Saturday, January 31, 2015

My Story



--> I was reading an article, online, about another woman who has recently spoken out about her abuse at the hands of Bill Cosby.

I scrolled through the article and at the end came across the comments.

"Why go to a movie with a married man " said one commenter.

"The timing of her disclosure makes me skeptical " said another.

"Don't tell me she didn't know what she was doing " another berates.

"What is the point of bringing it up now if the statute of limitations has passed " accuses another.


The comments continue further down the page. The more and more I read the sadder I feel.


How can we possible expect victims of abuse to speak out if we belittle them when they do? 


How can we create an open conversation where people are supported for taking the brave step of speaking out when they are criticised: from what they were wearing to who they were with – even how long they took to speak out.

1 in 4 women and 1 in 6 men will be sexually abused in their lifetime.
(aic.gov.au)


This culture of accusation only perpetuates the silence victims of abuse struggle with. 

Abuse is not straightforward. It is not a case of A to B and then to C. Everyone’s circumstances are different, everyone has a different journey to travel. A different story to tell.

Recent statistics state that 1 in 3 girls and 1 in 7 boys will be sexually assaulted by the time they reach 18. ( aic.gov.au )

You are more likely to be abused in the first 18 years of your life than the other 70.

You are also more likely to be sexually abused by someone you know. In fact 90% of abuse victims knew the attacker and in most instances the crime was committed in their own home or in the home of a close relative or friend.

'An understanding of child sex offenders, based on the available evidence, is critical if child sexual abuse is to be prevented and responded to in effective ways.' (aic.gov.au)

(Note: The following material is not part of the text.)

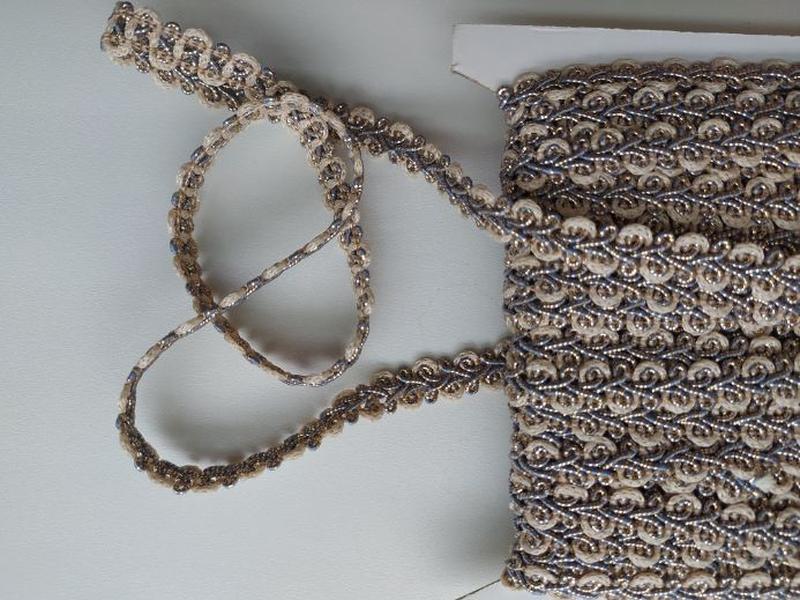 Leonský pásik  béžovo-zlatý-modrá, šírka 16 mm. Materiál 80%polyester, 10 %viskóza, 10 % kovové vlákno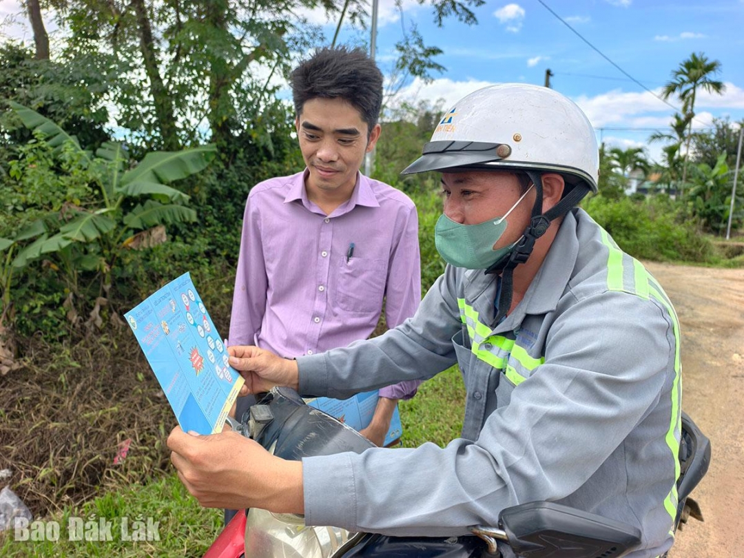 | Cán bộ xã Ea Riêng tuyên truyền, phát tờ rơi giới thiệu về hoạt động đi làm việc có thời hạn ở nước ngoài. |

Child sexual abuse is any sexual act or threat to a child or young person under the age of 16 that causes them harm or causes them to be frightened or fearful. 


From my own experience - from when someone I knew attempted to groom me and then sexually assaulted me, on more than one occasion, at the age of 13. Through to the first time I told someone at 16 I was abused and beyond into adult hood I have heard similar words from many, often with well meaning intentions, but nevertheless a hugely misguided understanding of the depth and severity of the emotional wound and subsequent scarring on this, my own journey of survival.

I have been told:
" If it was me, I would try and forget it."

I have been told:

" I hope one day that the saviour can help you ...hand it over to the Lord and move forward."


I have been told (on asking for support): 
“If I have to”

Worse than these sentences which reverberate around the inside of my skull, taunting me and quashing my self worth, telling me that I should be further along in my healing or - not need healing at all. Worse than the depression, the anxiety and the subsequent PTSD is the deafening silence, which occurs after the “advice” is given.

The judgement hangs in the air like a stifling hot day with no wind, the air barely breathable. 

Moreover, the only truth about it is that it is more a reflection on the critic than on the aspirants themselves.

If victims of abuse are to feel validated and heard. If we are to feel loved and supported. .. If you would like to know how to help us feel safe.


Simply, just, listen.



6 comments:

Alison said...

you have been heard, lovely. xo

melandpeter said...

Love you so much. I had no idea you were experiencing this. You deserved better and I'm sorry that you weren't heard when you really needed it. I hear you xxx

Jess [Bradbury] Wheeler said...

Firstly, woah. I appreciate the courage t takes to share something so personal so publicly.
Secondly, it'll be even better when people acknowledge that there are many types of abuse not just physical and sexual. And often "abuse" is multi-dimensional and the effects last far longer than the few weeks people give you simpathy casseroles and awkward pity faces.
Kudos girl, for slamming people's insensitivity and judgemental comments about abuse and for sharing some of your experience.
The other Jess ;)

Chelsea Parsons said...

cheering you on Jess. Lots of love xxx

Nettie's Blog said...

you are an amazingly strong survivor ..not only that... you are a champion for those who have not yet found the courage to stand and be as brave as you are ...love you Jess

emjay1000 said...

Hi Jess,
Yes unfortunately peoples words CAN and DO make it worse. It adds to the already tender feelings and raw insecurities. Yes, the 1 in 4 children is only what is reported - so estimates are actually closer to 1 in 2or 3. Which is so very very sad.
I am sorry to read of your experience. And I am sorry that you have been hurt by others words who just have no idea what it is like for you.
This is not your fault that it happened and it's not your fault that other people do not know the right thing to say. But let me tell you this - You are a beautiful, powerful woman who is on a journey. May God bless you on that journey. And well done for having a voice on a subject that must have been very hard for you to write about.